Yamyam kelimesinin, Orta Afrika'da yaşayan bir kabilenin adından Türkçe'ye geçtiği tahmin edilmektedir [1] .Çoğu dilde kullanılan Caniba kelimesi kökeni ise Kristof Kolomb'un, 1492 yılında Amerika kıtasına ayak bastığında ilk karşılaştığı yerlilerin adını seyir defterine Caniba olarak kaydetmesinden gelir.



Nedenler

Yamyalık olarak kabul edilebilecek olayların başlıca 3 nedeni vardır;
  • Kültürel ve sosyal nedenler
  • Açlık veya kıtlık
  • Delilik veya sosyal sapkınlık

Ünlü antropologlar Richard E. Leakey ve Lewin, yamyamlığın, açlığın giderilmesi veya karın doyurmaya yönelik olmadığını, gerçekte tinsel ve büyüsel nedenlerden kaynaklandığını savunur ve yamyamlığı iki türe ayırır; İçe dönük yamyamlık (Endocannibalism) ve Dışa dönük yamyamlık (Exocannibalism). İçe dönük yamyamlıkta -iç yamyamlık- sadece akrabaların ve aynı kabileye ait olan ölülerin bedenleri veya yalnızca organları yeniyor.Örneğin, Güneydoğu Avustralya'da yaşayan Dieriler, ölen akrabalarının yüz, kol, bacak ve karınlarının yağlı kısımlarını yiyorlar. Bu toplum için geçerli olan inanca göre yağ, olağanüstü birgüce sahip olan ve yiyen kişiye geçen bir unsur.Böylece, ölünün özellikleri yine kabile içinde kalıyor.Güney Amerika'da yaşayan bazı kabilelerde ise, kişinin özelliklerinin onun kemiklerinde gizli olduğuna inanılıyor. Bu nedenle de, ölülerini yaktıktan sonra kemiklerini öğütüp toz haline getiriyorlar ve bu tozu içkilerine karıştırarak içiyorlar.Başka kültürlerde ise yamyamlık gizli dinsel topluluklara özgü gösteri oyunlarının bir parçası olarak görülürdü.Örneğin ABD'nin kuzeybatı kıyısı ile Kanada'nın güneybatı kesiminde yaşayan Kuvakiyutl Yerlilerinde, içine yamyam ruhu giren bir rahip adayı bir ölünün etini ya da canlı birinin kolunun bir parçasını yiyerek normal ruh durumuna dönerdi.Özetle, İçe dönük yamyamlık ölü ile olan ilişkinin devamını sağlamak için uygulanıyor.

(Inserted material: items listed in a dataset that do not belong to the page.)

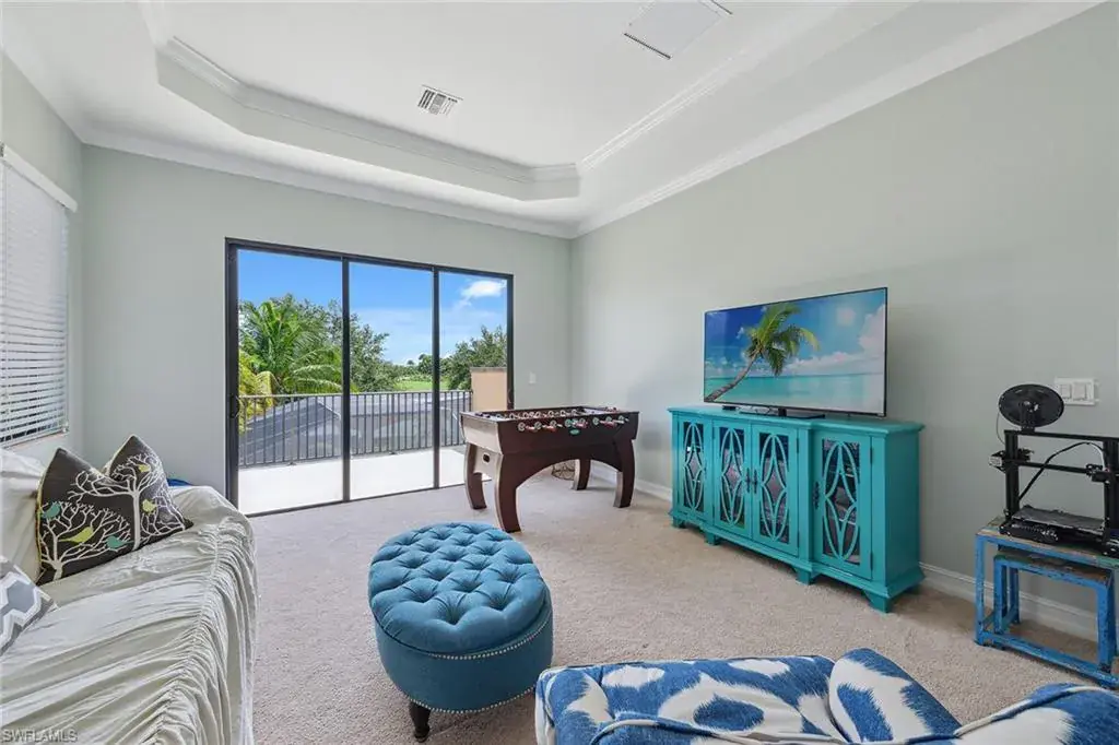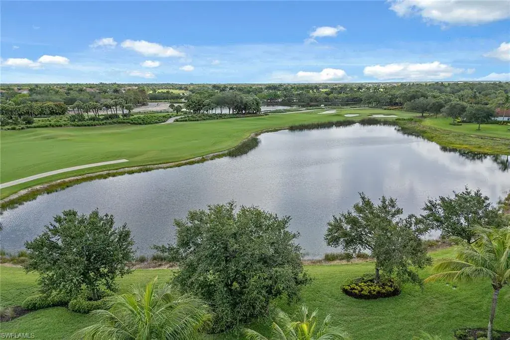 Are you searching for a home with expansive, unobstructed views of the lake and golf course, framed by lush tropical landscaping and designed for elevated coastal living? In the desirable Runaway Bay enclave of Fiddler’s Creek, this rarely available, two-story Lantana floor plan offers a spacious and refined lifestyle with four bedrooms, two dens, a family room, a bonus room that can serve as a fifth bedroom, three full baths and two half baths. This gracious single-family residence includes a side-entry three-car garage with epoxy flooring, a tankless water heater, all impact-resistant doors and windows, and a newer two-zone HVAC system for optimal comfort. A wide brick-paved driveway leads to a welcoming entrance, where travertine flooring spans the main level and is accented by tray ceilings, crown molding and arched walkways. The gourmet kitchen is a standout, featuring a center island, bar seating, pantry, tile backsplash, recessed lighting and stainless steel appliances, including a natural gas range with hood, built-in microwave, wall oven, dishwasher and a French-door refrigerator with icemaker. The kitchen opens to the family room and breakfast area, where a large corner window frames peaceful views of the lanai and pool. Adjacent, the living room transitions seamlessly to the screened outdoor space through sliding glass doors, creating an indoor-outdoor living experience. The formal dining room provides a sophisticated setting for entertaining. Go outside to the private lanai, a retreat with a heated pool and spa, and a tranquil waterfall feature. The outdoor kitchen includes a stainless steel grill, mini refrigerator, sink and convenient pool bath, all within a picture screen enclosure that maximizes the spectacular views. A den with French doors on the main level offers flexibility for a private office or study. The primary suite is a sanctuary, offering serene views, lanai access, dual walk-in closets, and a luxurious en-suite bath with dual vanities, full-width mirrors, a walk-in shower and a separate soaking tub. A wooden staircase leads to the upper level, where three guest bedrooms and a flexible bonus room await. This upper bonus room—with a kitchenette and balcony access overlooking the lake and golf course—can function as a media room, game room or fifth bedroom. Two additional baths serve the upstairs rooms—one with dual vanities and a walk-in shower, the other with a shower-tub combination. A second den, thoughtfully designed above the foyer in 2021, offers an additional private office or flex space. Completing the home is a well-equipped laundry room with washer, dryer, utility sink and upper cabinetry. Enjoy exclusive access to the award-winning Club & Spa with resort-style pools, fine/casual dining, a state-of-the-art fitness center, spa, sauna, tennis, pickleball, bocce and a full calendar of social activities. Optional memberships are available.
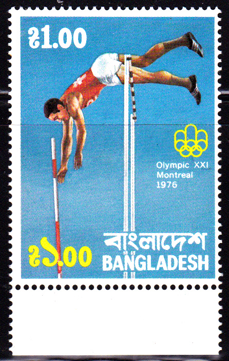 In Bangladesch erschien zu den Olympischen Sommerspielen in Montreal diese Marke (MiNr 82) mit der Abbildung eines Stabhochspringers beim Überqueren der Latte.
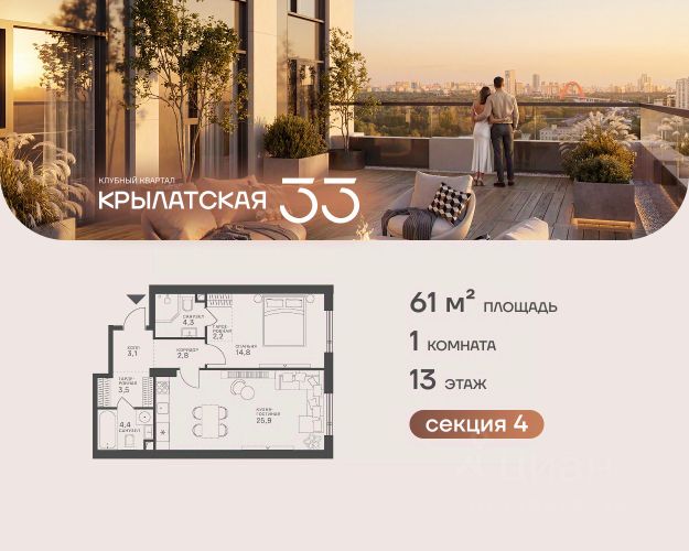 Продается 1-к квартира площадью 49.2 кв.м. на 13-м этаже в ЖК "Клубный квартал Крылатская 33". Прямая продажа от застройщика! Крылатская 33 - проект премиум-класса на западе Москвы от специализированного застройщика "Сияние". Комплекс расположен всего в 15 минутах от Садового кольца и Москва-Сити, а рядом есть большое количество зелёных зон: Крылатский и Москворецкий парки, Серебряный бор, Крылатские холмы - это создает идеальный баланс между приватностью и динамичным ритмом мегаполиса. Квартал сочетает высотные башни до 150 метров и камерные малоэтажные корпуса. Витражное остекление "в пол" наполняет квартиры светом и открывает захватывающие панорамы на Москву-реку и знаковые виды столицы. Здесь каждый найдет то, что подходит именно ему - от уютных студий до роскошных пентхаусов и квартир с собственными террасами. Внутренняя среда жилого комплекса продумана до мельчайших деталей, чтобы резиденты могли продуктивно работать и качественно отдыхать, не покидая территорию: • фитнес-центр, включающий в себя СПА-зону; • коворкинг с кофейней и быстрым интернетом; • общественная гостиная для организации клубных мероприятий; • ресторан с панорамным остеклением; • благоустроенный сад с зоной отдыха; • инновационная игровая площадка для детей всех возрастов; • консьерж-сервис 24/7, современные системы видеонаблюдения и пожаротушения; • двухуровневый паркинг и многое другое. Район Крылатское - точка притяжения для тех, кто выбирает активный образ жизни. В непосредственной близости расположены Гребной канал, Олимпийский велотрек, горнолыжный комплекс "Лата Трэк", гольф-клуб и парковые зоны. В проекте действуют привлекательные условия покупки: - выгода до 10% при 100% оплате (действует на ограниченный пул квартир, подробности уточняйте в отделе продаж). - рассрочка от застройщика 0% с первоначальным взносом от 20% на срок до 30.06.2027.
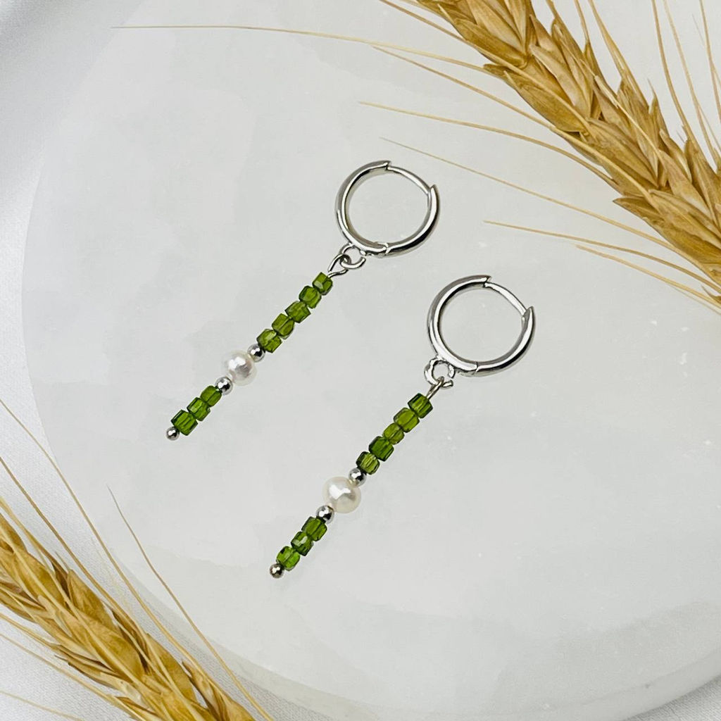 • Серьги длинные из Хромдиопсида и Жемчуга
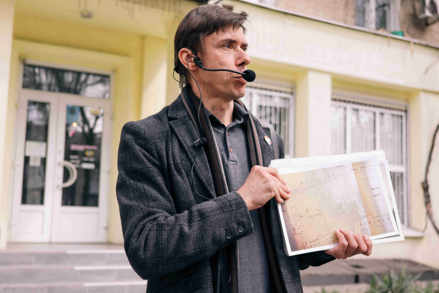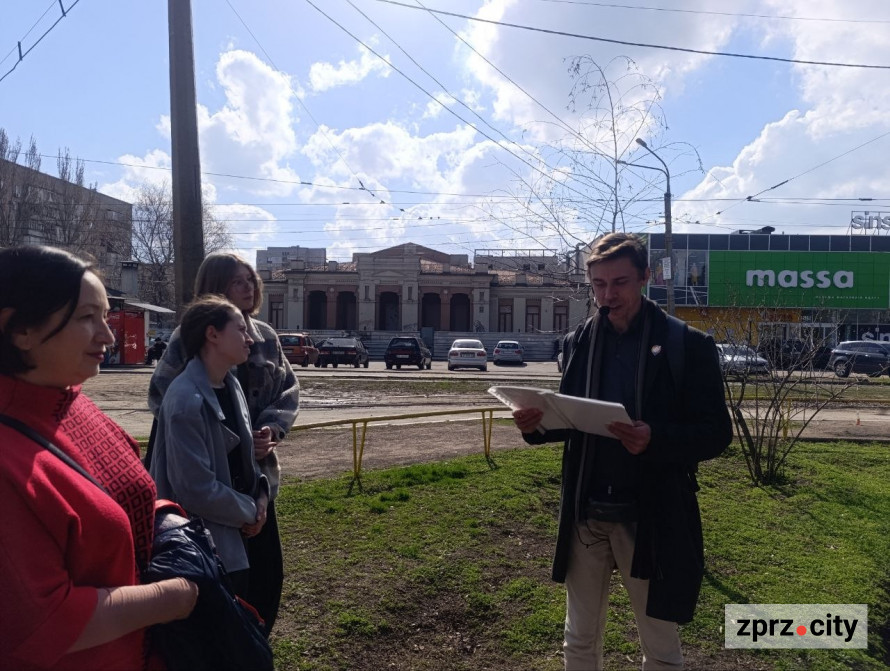 Директор Музею архітектури Запоріжжя, історик Михайло Мордовськой провів нас Старим містом, показуючи, як минулі війни та історичні потрясіння залишили слід у міському середовищі.
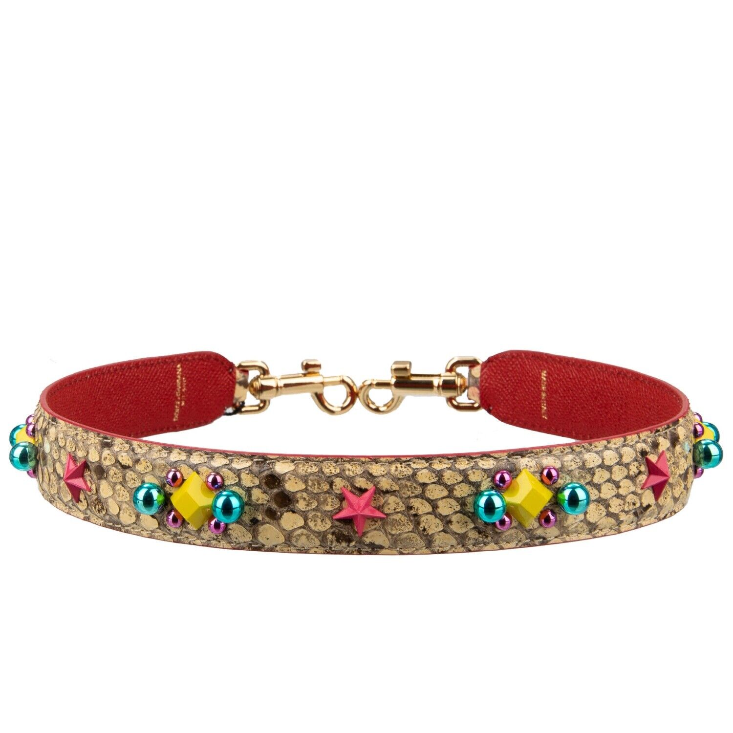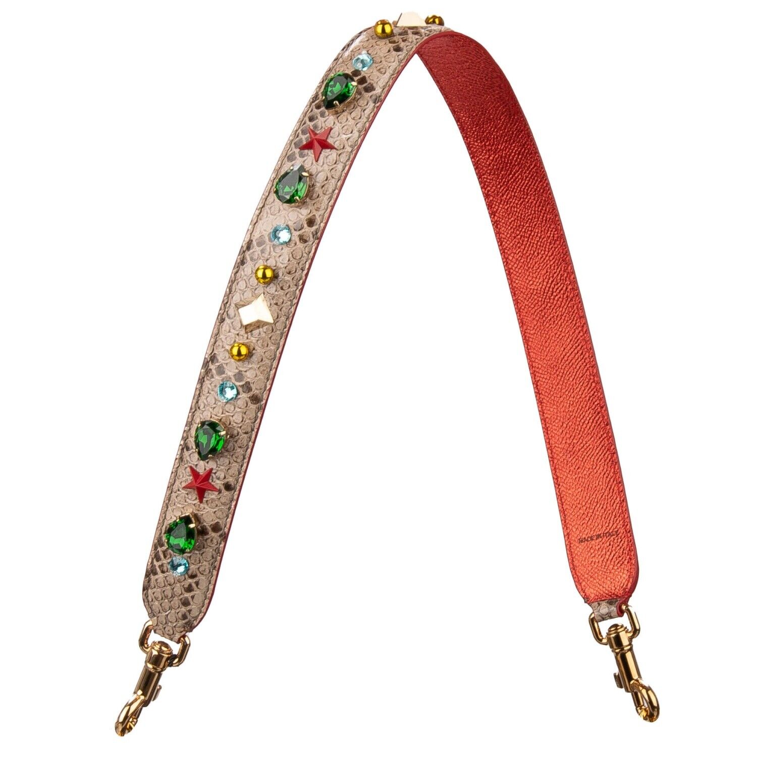 DOLCE & GABBANA Sangle En Cuir Pour Sac Rouge Vert Or 12828

Dışa dönük yamyamlıkta ise, akraba ve kabile üyeleri değil, düşmanlar yeniyor.Bazı Güney Amerika yerlilerinde görülen bu adet, öldürülen kişinin katillerinden ileride intikam almaması için uugulanıyordu.Bunda da bedenin bazı kısımları, yeniyordu.Her iki tür yamyamığın geçmişi de 200-250 bin yıl önceye uzanır.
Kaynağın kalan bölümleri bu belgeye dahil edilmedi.